In Ann Arbor, Michigan, the Korean delegation met the Acute Care Surgery and Trauma Care team at University of Michigan (UM) Medical Center and toured its Trauma Burn Intensive Care Unit facilities. UM owns and operates three helicopters and one jet to provide rapid and safe transport of critically ill and injured patients. South Korea operates similar air medical services and aims to expand, but it still has many challenges to fully reach its goals. 

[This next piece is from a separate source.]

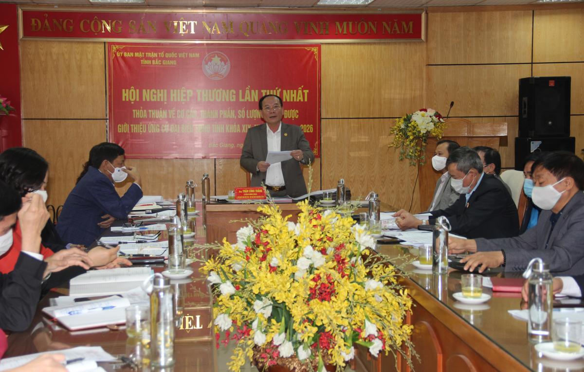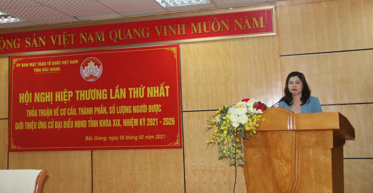 Ngày 5-2-2021, Ban Thường trực Ủy ban MTTQ tỉnh Bắc Giang tổ chức hội nghị hiệp thương lần thứ nhất để thỏa thuận về cơ cấu, thành phần, số lượng người của cơ quan, tổ chức, đơn vị giới thiệu người ứng cử đại biểu Quốc hội khóa XV và HĐND tỉnh khóa XIX, nhiệm kỳ 2021-2026.

The delegation flew to Maryland to visit University of Maryland Shock Trauma Center, the Nation's first trauma hospital. Its founder, Dr. R Adams Cowley, is considered the pioneer of trauma care and coined the concept of the Golden Hour, which describes the first 60 minutes definitive care following injury is crucial to trauma patients' survival. The Korean delegation met the medical staff and government officials, toured facilities, and attended simulation training. The Korean trauma doctors teamed up and operated on a gunshot wound patient. 

Korean trauma doctors simulated treating a gunshot wounds patient at Maryland Shock Trauma Center. 


 

"It was great to receive a hands-on training and use real equipment and facilities. It was also amazing how simulation replicates the real comprehensive process of trauma care from admission-resuscitation-surgery-ICU," says Seokho Choi, Director of Dankook University Hospital Trauma Center. He continued, "This program allowed us to visit three different sizes of hospitals in two different States. It was helpful for us to see the differences and learn each hospital has its own unique strength. It shows how the U.S. trauma care is localized and run differently."  The VIPP workshop provided a great opportunity for the Korean delegation to learn about principles, policies, and practices of trauma care in the U.S., and to connect with American healthcare providers and government officials. Delegates returned home with new ideas, practical knowledge and deeper understanding of trauma care to advance its trauma care system. Who will advance trauma care in the world? Spartans Will.